I have investigated the symptoms of this in some detail but have not tried to find the cause: In short it seems like matrix multiplications with largeish numbers fails inconsistently in windows, and when it does fail it will fail a few times in a row before returning to normal.

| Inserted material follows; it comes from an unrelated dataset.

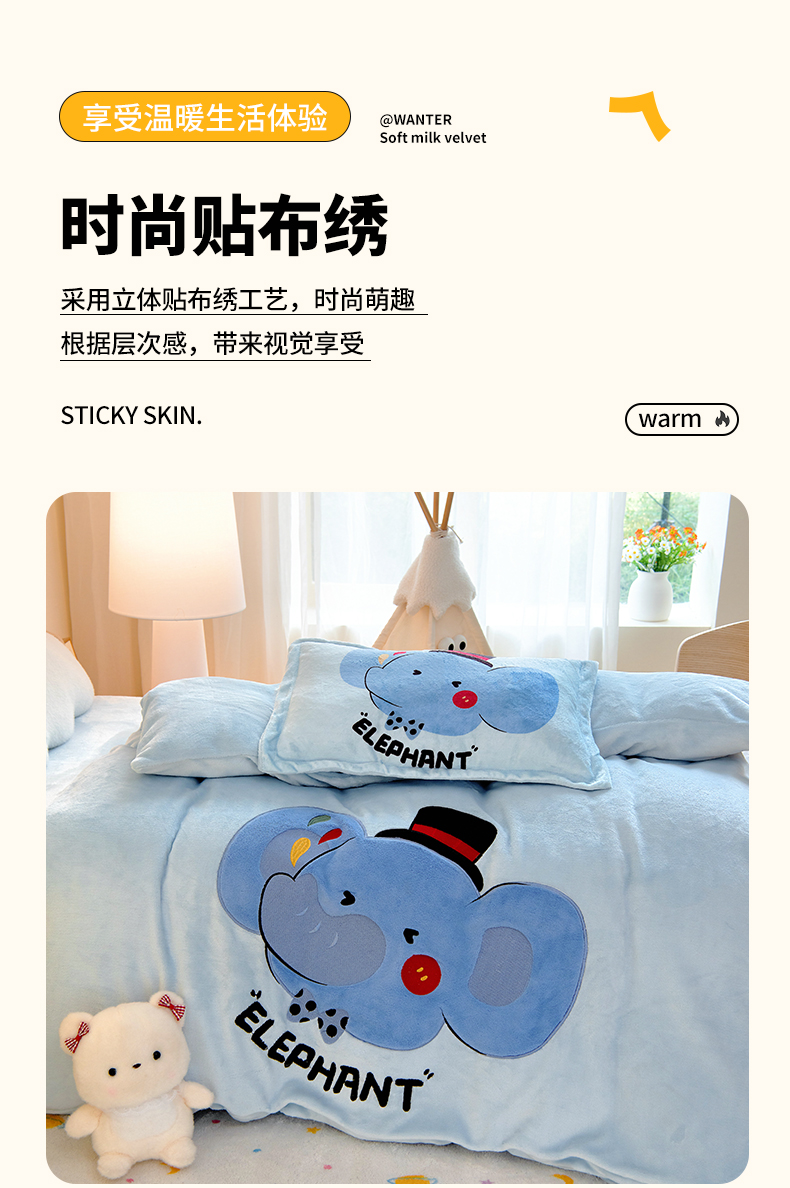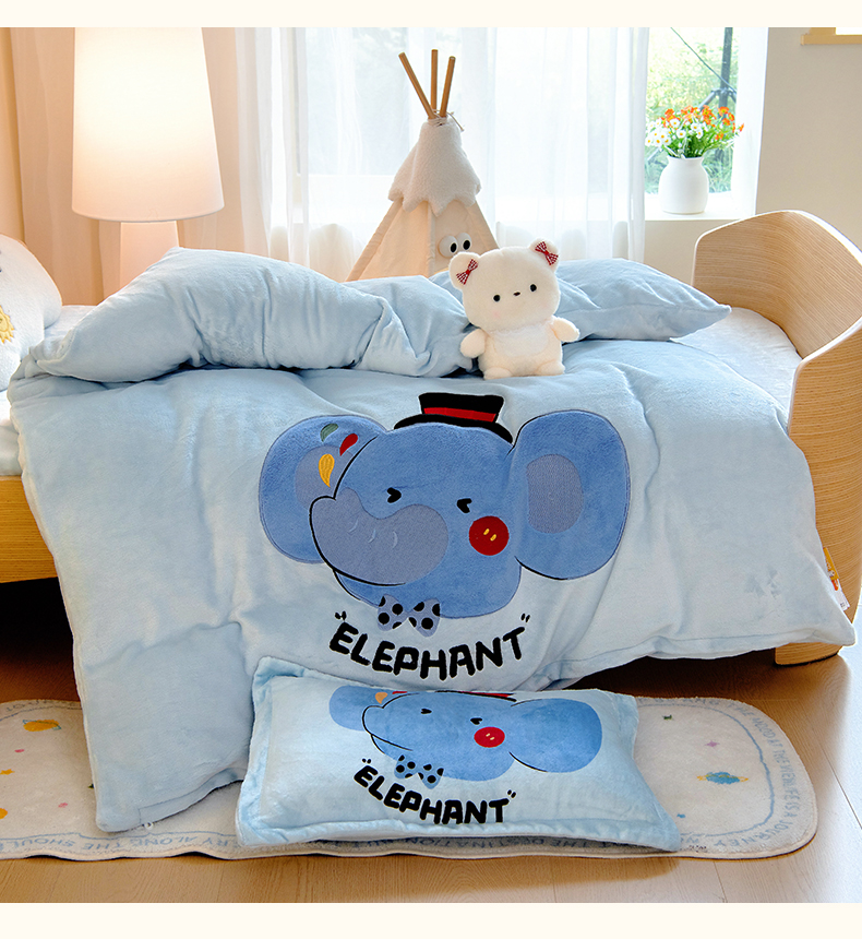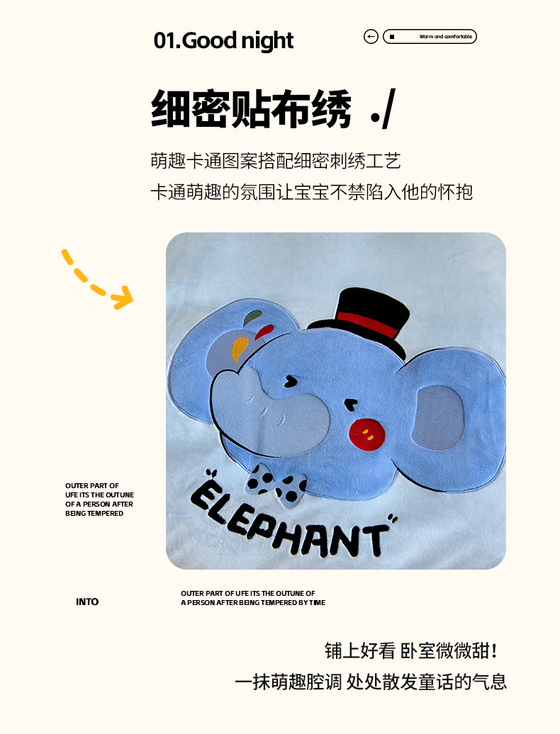 • 91家纺网 家纺一手货源 找家纺 梵赫 2025新款秋冬牛奶绒原创贴布绣儿童幼儿园被套被芯盖毯 大象先生

I would suspect openblas but the failure never occurs with numpy <2

Reproduce the code example:

import numpy as np
def test():
    # Test whether matrix multiplication involving a large matrix always gives the same answer
    # This indirectly tests whichever BLAS/LAPACK libraries that NumPy is linking to (if any)
    x = np.arange(500000, dtype=np.float64)
    src = np.vstack((x, -10*x)).T
    matrix = np.array([[0, 1], [1, 0]])

    expected = np.vstack((-10*x, x)).T  # src @ matrix
    
    mismatches = np.zeros(500, int)
    for i in range(len(mismatches)):
        result = src @ matrix
        mismatches[i] = (~np.isclose(result, expected)).sum()
        if mismatches[i] != 0:
            print(f"{mismatches[i]} mismatching elements in multiplication #{i}")

Error message:

This bug is absolutely wild by the way:

With numpy 2.0.1:

16 mismatching elements in multiplication #22
316 mismatching elements in multiplication #33
28 mismatching elements in multiplication #53
307 mismatching elements in multiplication #100
32 mismatching elements in multiplication #201
32 mismatching elements in multiplication #267
288 mismatching elements in multiplication #272
1177 mismatching elements in multiplication #276
1596 mismatching elements in multiplication #289
32 mismatching elements in multiplication #298
16 mismatching elements in multiplication #314
3268 mismatching elements in multiplication #407
1403 mismatching elements in multiplication #419
64 mismatching elements in multiplication #446

with numpy 2.0.0

80 mismatching elements in multiplication #0
920 mismatching elements in multiplication #183
683 mismatching elements in multiplication #186
232 mismatching elements in multiplication #187
400 mismatching elements in multiplication #190
1217 mismatching elements in multiplication #195
1515 mismatching elements in multiplication #249
593 mismatching elements in multiplication #269
108 mismatching elements in multiplication #285
120 mismatching elements in multiplication #295
204 mismatching elements in multiplication #332
78 mismatching elements in multiplication #357
1816 mismatching elements in multiplication #380
164 mismatching elements in multiplication #396
48 mismatching elements in multiplication #492

with 1.26.4 it passes.

So it is a numpy 2 issue and not a 2.0.1 issue... it is also random:

Inserting a return and a break on the first time the matmul fails:

In [52]: test()
32 mismatching elements in multiplication #27

In [53]: test()
152 mismatching elements in multiplication #44

In [54]: test()
108 mismatching elements in multiplication #75

In [55]: test()
68 mismatching elements in multiplication #44

In [56]: test()
964 mismatching elements in multiplication #1

In [57]: test()
228 mismatching elements in multiplication #89

In [58]: test()
24 mismatching elements in multiplication #0

In a given set of multiplications the errors always have the same values.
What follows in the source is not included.